Based on Section 420 of the CCC as provided above, the mishandling of another person's personal information could be regarded as a commission of tortious act and subject to compensation for any damage caused to such another person. Based on the Supreme Court precedent (e.g. the Supreme Court Decision Nos. 124/2487 and 4893/2558), the court has recognized that the rights protected under the foregoing provision include the right not to be defamed and the right to privacy. Nonetheless, neither the CCC nor any precedent of the Supreme Court has elaborated on the conclusive types of information, mishandling of which may give rise to a tort liability. The court would generally have a broad discretion in considering whether certain type of information would be protected under Section 420 of the CCC.
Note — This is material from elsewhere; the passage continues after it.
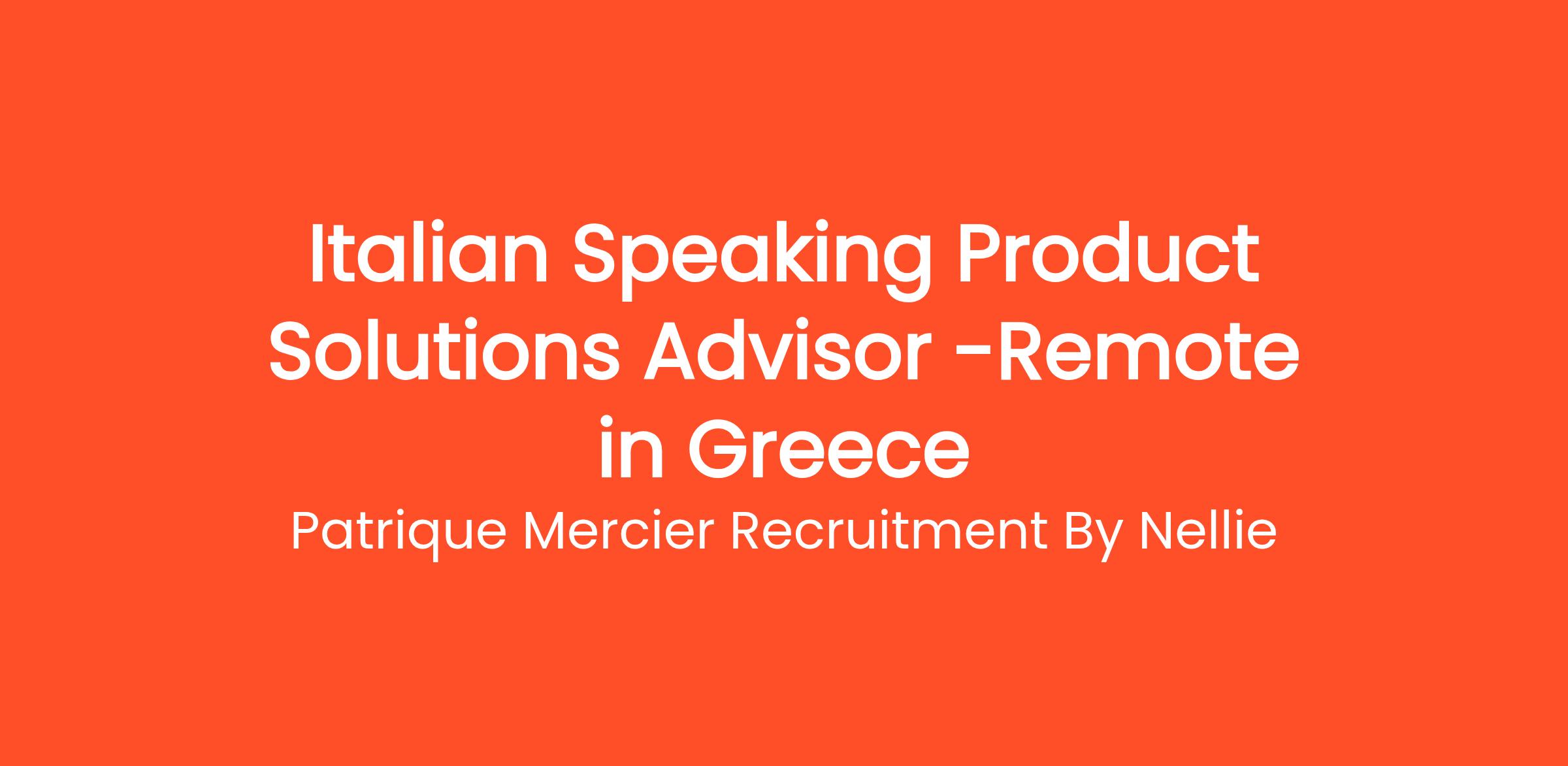 Patrique Mercier Recruitment FR is a renowned recruitment agency that specializes in connecting talented individuals with prominent employers throughout Greece. We are excited to announce an opening for an Italian Speaking Product Solutions Advisor. In this role, you will engage closely with Italian-speaking clients, assisting them in navigating our innovative product offerings and tailoring solutions that meet their specific business needs. Your expertise will be imperative in ensuring clients derive maximum value from our products.

Nonetheless, according to the Supreme Court precedent (e.g. the Supreme Court Decision Nos. 1170/2543, 2288/2523 and 4490/2542), although it is not clearly provided for under the CCC, it is apparent that Thai courts have recognized "consent" as a defense to tort liabilities. Accordingly, a person might not be liable for tortious act if consent is duly given for the commission of such act.
Therefore, although it is not certain as to what type of personal information would be protected under Section 420 of the CCC, to be on the safe side, it is advisable for the information collector to obtain consent from the information owner before collecting, using, disclosing or managing their personal information in any manner. In this regard, the law does not require such consent to be made in writing. However, it is advisable for such information collector to obtain prior written consent from the owner of such personal information for good record keeping.
Additionally, we are not aware of any provision of the CCC or any precedent of the Supreme Court which clearly specifies if it is sufficient to obtain a general consent or if the consent must be granted each time before collecting or handling the personal information. To be on the safe side, it would be advisable to obtain the written consent each time before collecting or handling any of the personal information. It is important to note that the information owner's consent may generally be revoked at any time even if it is expressed to be irrevocable.
2 Trade Secret Act
Under the Trade Secret Act, "trade secret" refers to trade information which has not yet been made widely known or is not yet accessible among the persons who are related to such information. It is the information which is commercially useful due to its secrecy and a trade secret controller has taken appropriate measures to maintain its secrecy.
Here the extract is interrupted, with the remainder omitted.